All the preceding perquisites are evidence of the “at all costs” strategy of Democratic leadership regarding healthcare legislation. Senator Reid was bound and determined from the moment the House of Representatives sent him a bill to pass that bill along to President Obama for his signature by Christmas. That will now be impossible, but he will have a Senate version signed, sealed, and delivered to the Conference Committee by December 25. Why would Senator Reid and President Obama (both suffering historically low approval ratings) insist on foisting this act on the American people, despite the multiple polls that indicate a majority of Americans oppose enactment of any such scheme?
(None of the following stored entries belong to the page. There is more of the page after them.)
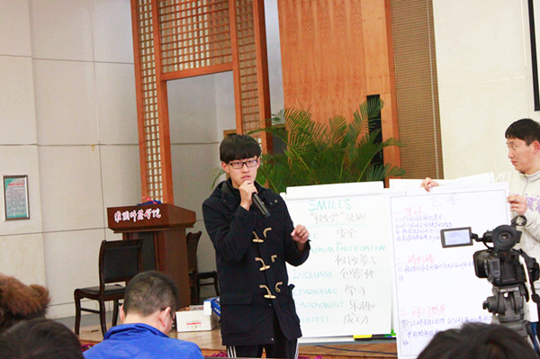 上午进行的是先进的足球理念学习,下午理论与技能结合运用的实践课。第二天上午进行总结,检验教练员们的学习、实践成果,使我们教练员们更好的掌握了足球知识、技能。在这次培训中,徐志斌老师独特的教学风格,让参加培训的教练员们耳目一新。在教学中,徐志斌老师通过有趣的高效热身,让学员亲身体验,然后让学员们以小组的形式讨论传统热热身的弊端。在学习中,学员通过亲身体验提出各种各样的问题,徐志斌老师则在回答问题中,让你亲身参与其中。他在教学策略中提出‘“由上及下”的教学方法,并提出教练员应当给予孩子的不仅仅是技能,更重要的是球商。在带球,过人,转身的传统教学步骤中,更是提出:“挫败体验”、“成功体验”、“挑战体验”三种体验运用。并让学员们积极讨论如何运用这三种体验来提高教学质量。
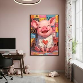 Quadro Decorativo Porco Camisa Coração 70x50cm Mold Preta
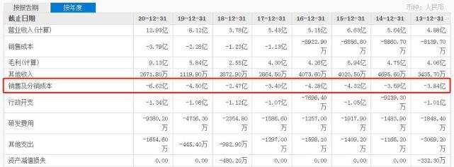 公司的销售及分销成本近十年来持续加码,2020年达到6.62亿元,较2019年的4.5亿元提高不少。
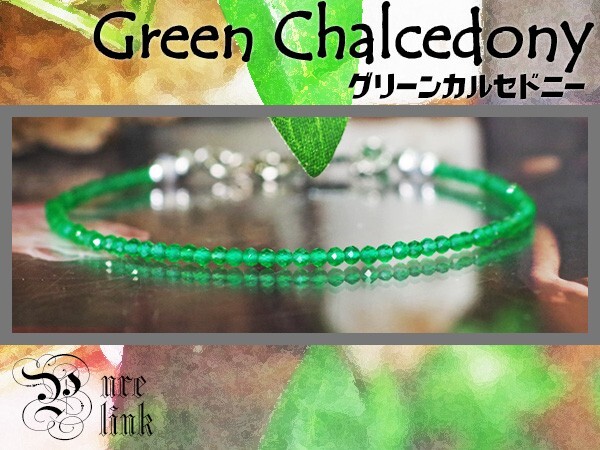 - 宝石質★精神的成長を促す魔石『グリーンカルセドニー』輝くカット極細ブレスレット
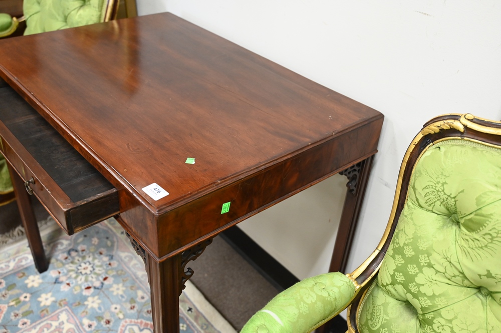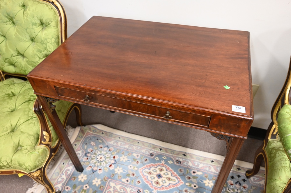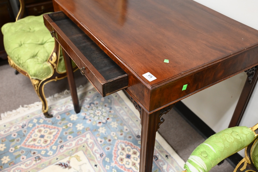 Lot 476: George III Mahogany Table, having drawer on square molded legs, 19th century, height 31 inches, top 22 x 32 inches, (legs ended out).

The same conundrum faced kamikaze pilots in World War II. These ill-fated airmen knew they would die, but they genuinely believed they would be offering their lives for the sacred cause of Japanese imperialism.
In the present case, although Senator Reid (and those whose votes he bought) and President Obama may pay the ultimate price (loss of election) for their devotion to healthcare overhaul, it is evident in their behavior that both men quite firmly believe they will have sacrificed their narrow self-interest in favor of the greater good of the incremental and irreparable disintegration of constitutional moorings and the legalized and legislative implementation of socialism in America. As John McManus, president of the John Birch Society so accurately and aptly commented, “And it [healthcare reform] is, as with so much else being undertaken by the U.S. government, totally unconstitutional. There is no authorization for the federal government to have anything to say about healthcare. As our nation plunges more deeply into socialism and totalitarian rule, the future for today's children grows dimmer. A huge wake-up is needed. If Harry Reid is driven out of office, it will signal that the much needed wake-up is gathering steam.”